The strict design of such a thing weighs upon one as might weigh upon one four great lines of Virgil, or the sight of those enormous stones which one comes upon, Roman also, in the Algerian sands. The plan of such an avenue by which to lead great armies and along which to drive commands argues a mixture of unity and of power as intimate as the lime and the sand of which these conquerors welded their imperishable cement. And it does more than this. It suggests swiftness and certitude of aim and a sort of eager determination which we are slow to connect with Government, but which certainly underlay the triumph of this people. A road will give one less trouble if it winds about and feels the contours of the land. It will pay better if it is of earth and broken stones instead of being paved, nor would any one aiming at wealth or comfort alone laboriously raise its level, as the level of this road is raised. But in all that the Romans did there was something of a monument. Where they might have taken pipes down a valley and up the opposing side they preferred the broad shoulders of an arcade, and where a seven-foot door would have done well enough to enter their houses by they were content with nothing less than an arch of fifty. In all their work they were conscious of some business other than that immediately to hand, and therefore it is possible that their ruins will survive the establishment of our own time as they have survived that of the Middle Ages. In this wild place, at least, nothing remained of all that was done between their time and ours.
These things did the sight on either side of the summit suggest to me, but chiefly there returned as I gazed the delicious thought that learned men, laborious and heavily endowed, had denied the existence of this Roman road.

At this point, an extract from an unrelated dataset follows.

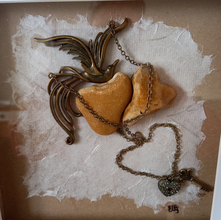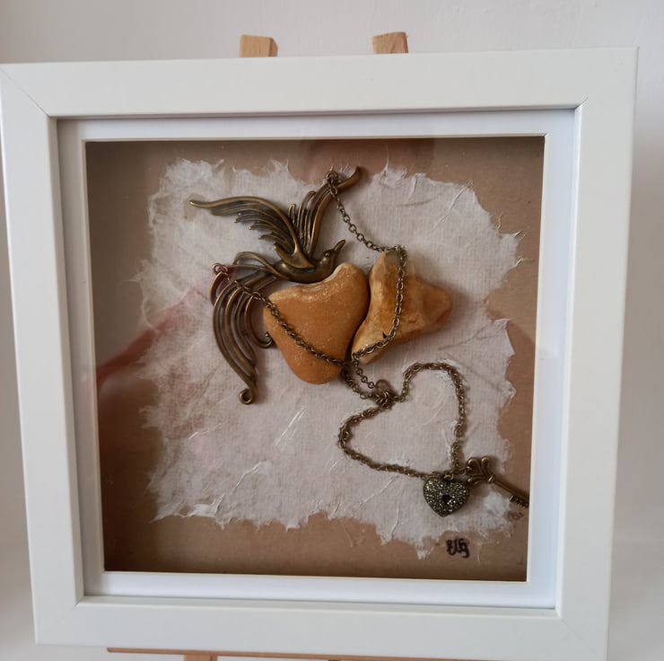 A charming picture made from a heart shaped stone from the beach, surrounded by recycled jewelry, with hand made wild flower paper behind. A wonderful gift for valentines in it's unique appeal.

See with what manifold uses every accident of human life is crammed! Here was a piece of pedantry and scepticism, which might make some men weep and some men stamp with irritation, and some men, from sheer boredom, fall asleep, but which fed in my own spirit a fountain of pure joy, as I considered carefully what kind of man it is who denies these things; the kind of way he walks; the kind of face he has; the kind of book he writes; the kind of publisher who chisels him; and the kind of way in which his works are bound. With every moment my elation grew greater and more impetuous, until at last I could not bear to sit any longer still, even upon so admirable a beast, nor to look down even at so rich a plain (though that was seen through the air of Southern England), but turning over the downs I galloped home, and came in straight from the turf to my own ground—for what man would live upon a high road who could go through a gate right off the turf to his own steading and let the world go hang?

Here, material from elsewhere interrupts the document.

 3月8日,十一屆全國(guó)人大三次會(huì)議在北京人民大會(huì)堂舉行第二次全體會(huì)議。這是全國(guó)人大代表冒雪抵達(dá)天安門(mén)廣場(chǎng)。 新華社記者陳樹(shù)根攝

And so did I. But as they brought me beer and bacon at evening, and I toasted the memory of things past, I said to myself: "Oxford, Cambridge, Dublin, Durham—you four great universities—you terrors of Europe—that road is older than you: and meanwhile I drink to your continued healths, but let us have a little room ... air, there, give us air, good people. I stifle when I think of you."
THE ONION-EATER
There is a hill not far from my home whence it is possible to see northward and southward such a stretch of land as is not to be seen from any eminence among those I know in Western Europe. Southward the sea-plain and the sea standing up in a belt of light against the sky, and northward all the weald.

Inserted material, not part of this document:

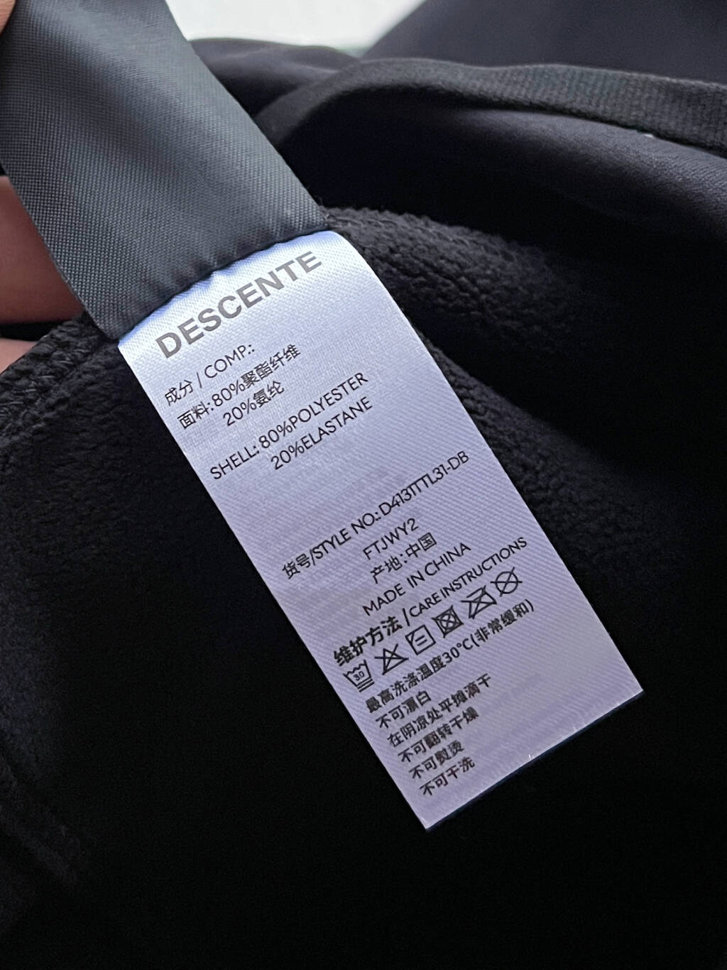 这款衣服是AAAAA 1:1 质量 (非常棒). 使用了和原版一模一样的材料. 商标部分也保持了和Descente一样. 图片拍摄是实物衣服拍摄, 您所收到的实物保证和我们图片一模一样.

From this summit the eye is disturbed by no great cities of the modern sort, but a dozen at least of those small market towns which are the delight of South England hold the view from point to point, from the pale blue downs of the island over, eastward, to the Kentish hills.
A very long way off, and near the sea-line, the high faint spire of that cathedral which was once the mother of all my county goes up without weight into the air and gathers round it the delicate and distant outlines of the landscape—as, indeed, its builders meant that it should do. In such a spot, on such a high watch-tower of England, I met, three days ago, a man.